In Request No. 2, Marriott then demanded that Chicago:
2. Produce all documents and communications related to any investigation you conducted into the Data Security incident, including but not limited to the investigation file for the Pre-suit Investigation. For purposes of this Request, "investigation file" includes all documents and communications that you created, sent, received, obtained, or relied upon during or in connection with the Pre-suit Investigation.
Chicago responded the same way as it had responded to the first Request, i.e., " Plaintiffs will provide non-privileged documents in its possession, custody or control that are responsive to this request."
Marriott considered this a paltry response to these two requests and sought clarification. Letter of September 1, 2020, at 2. Chicago responded: "with the exception of a limited number of privileged and otherwise protected documents for which it will provide a log," it "is not withholding any documents or communications with the Department of Business Affairs and Consumer Protection regarding the Marriott data security incident." Id.

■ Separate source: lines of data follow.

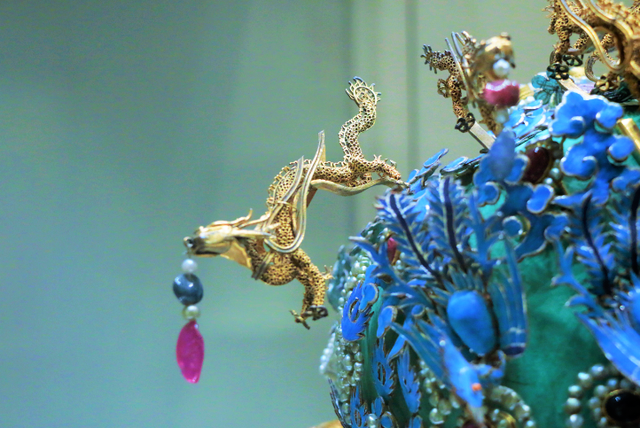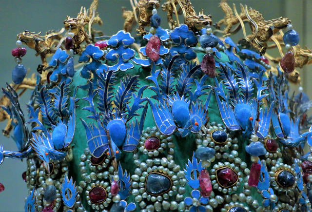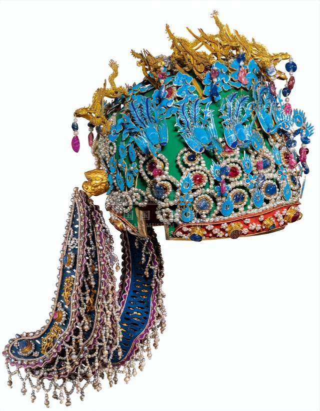 孝端皇后的这件凤冠,是用漆竹扎成帽胎,面料以丝帛制成,前部饰有九条金龙,口衔珠滴,下有八只点翠金凤,后部也有一金凤,共九龙九凤。金凤凤首朝下,口衔珠滴。
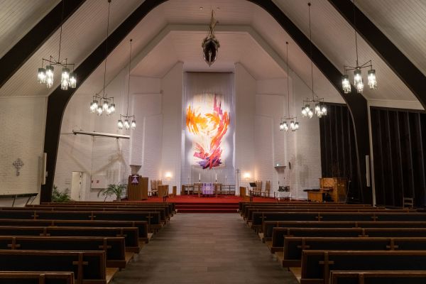 Kontorfløy, møterom i kjeller og egen fløy med møterom (kirkestue). Billedvev av Randi Ingeborg Garnes og av Grete Lein Lange i kirkestuen.
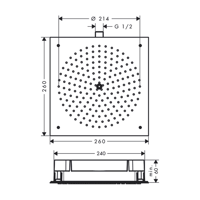 - shower head size: 260 x 260 mm
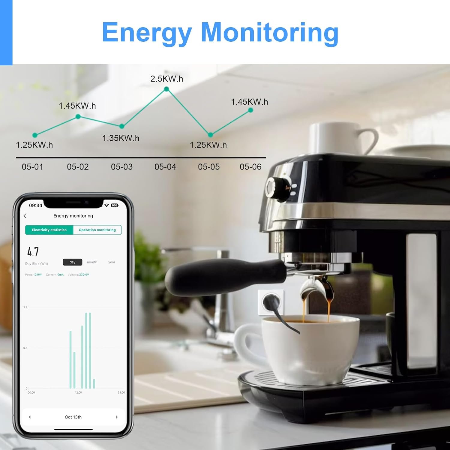 【Measurement of power consumption】: After connecting with the Smart Life app, you can see how much power the device consumes, with an accuracy in the range of one hour.
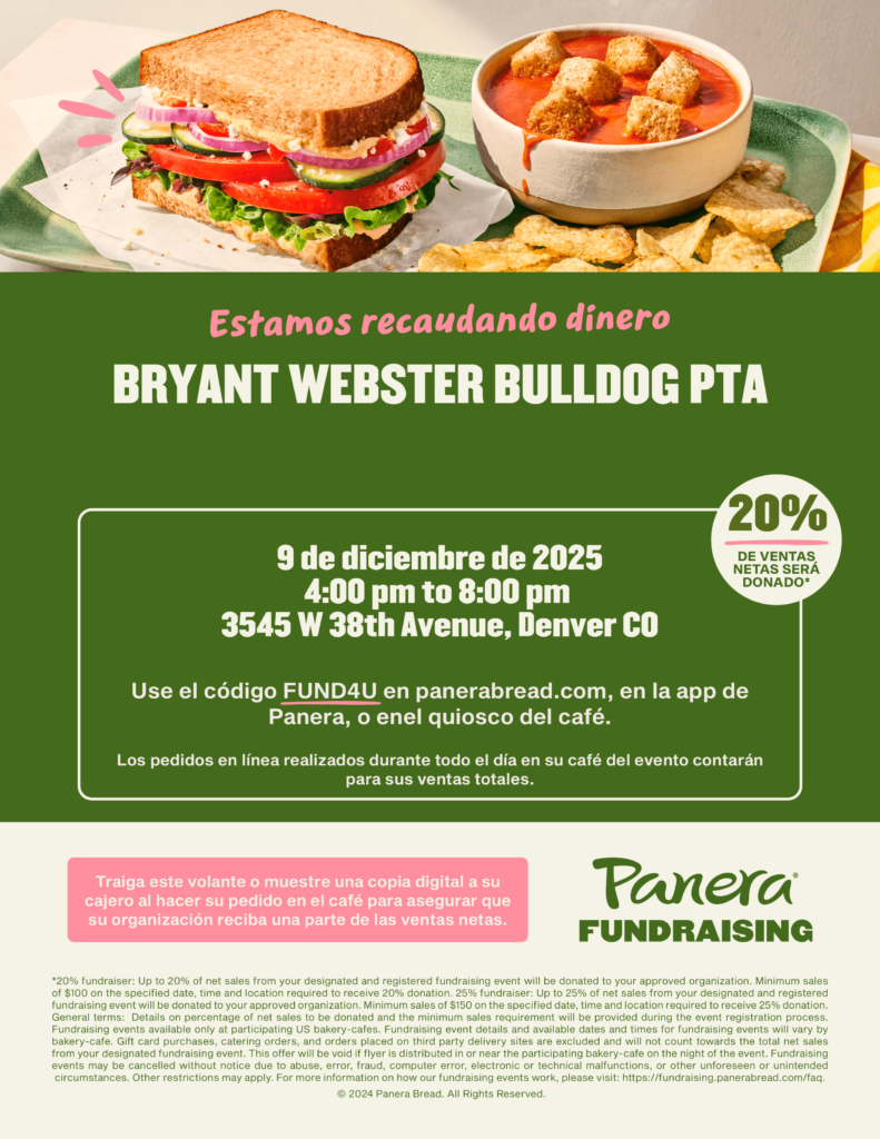 El 20% de las ventas se donará a la PTA de Bryant Webster para apoyar nuestros programas de participación escolar y comunitaria.

Therefore, Marriott wonders whether it got all the documents it was entitled to or only the documents from the one Chicago agency Chicago specified. Chicago had responded that it made sense to focus on that agency's documents because it handles matters such as the data breach in this case. Letter of September 25, 2020, at 1.
Perhaps, but it still seems possible that other agencies may have documents that fall within the two requests. Marriott is entitled to know that.

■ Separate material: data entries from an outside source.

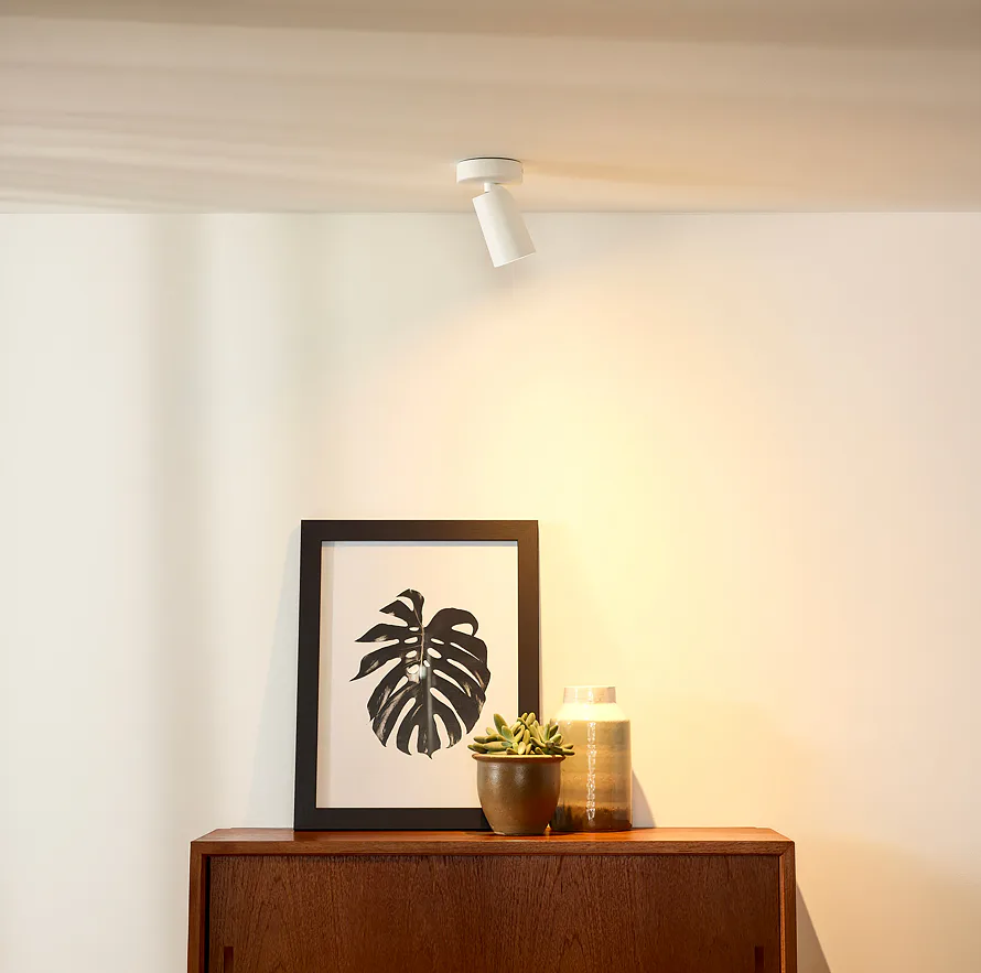 Malý bílý tubus ukrývá vyměnitelnou úspornou LED žárovku, kterou najdete v balení. Díky tomu je Xyrus všestranný a praktický. Tubus můžete kdykoliv nasměrovat libovolným směrem a zdůraznit tak detaily a zóny, které si říkají o pozornost.
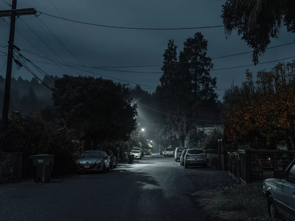 “Working only with the predetermined light of city planners, business and home owners, the work reveals how the transactional light of security and safety can transcend into the fantastic and the extraordinary,” Davenport writes in his artist’s statement.
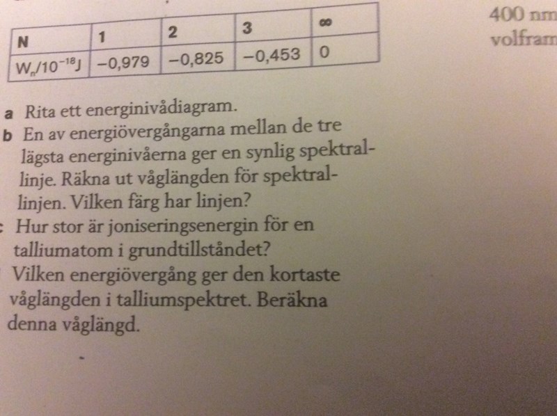 På fråga b undrar jag om det finns ett sätt att veta vilka energidifferenser som ger synligt ljus utan att behöva pröva sig fram??
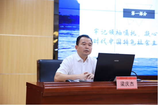 梁庆杰副校长从“牢记领袖嘱托,凝心聚力建设新时代中国特色社会主义壮美广西,党的十八大以来广西经济社会发展成就回顾,建设新时代中国特色社会主义壮美广西的战略举措”三个方面,深入讲解了习近平总书记在广西考察时的重要讲话精神。梁庆杰副校长还通过详实的数据、丰富的案例,详实介绍了“十三五”时期广西发展取得的历史性成就,“十四五”广西发展面临的挑战和机遇以及建设新时代中国特色社会主义壮美广西的战略举措。
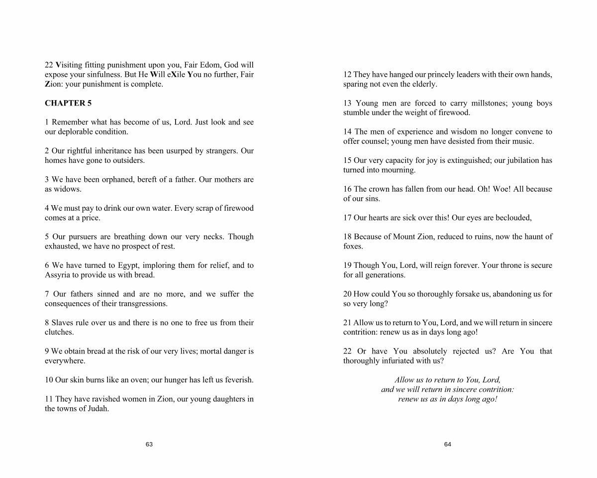 22 Visiting fitting punishment upon you, Fair Edom, God will expose your sinfulness. But He Will eXile You no further, Fair Zion: your punishment is complete.

I appreciate that Chicago tries to meet Marriott's concern by stating in its letter that: " "[n]evertheless, the City confirms here again that it is not withholding any documents or other information related to this matter except as will be identified in its privilege log." Letter of September 25, 2020, at 1.
Close, but not close enough to meet Marriott's concerns. In my view, Chicago has to state whether its production is complete, i.e., that there are no other documents, wherever they may be located, that are responsive to the two Requests for Production. If I am reading Chicago's September 25, 2020 letter correctly, it seems to be insisting that is was it meant—there are no other documents.
To bring this to a quick end, I will take the liberty of drafting Chicago's response consistently with what I believe it intended to say-there are no other documents anywhere that Chicago has not produced, and Chicago has provided everything that it has to Marriott.
I will use the simplicity created by now amended Fed. R. Civ. P 35(b)(2)(C) which requires the responding party to state whether it is withholding any documents based on the objection. That means that if the party is not withholding any documents because of an objection, it is producing all that it has. Its lawyer is so certifying by signing the answer to the Request for Production. Fed. R. Civ. P 26(g).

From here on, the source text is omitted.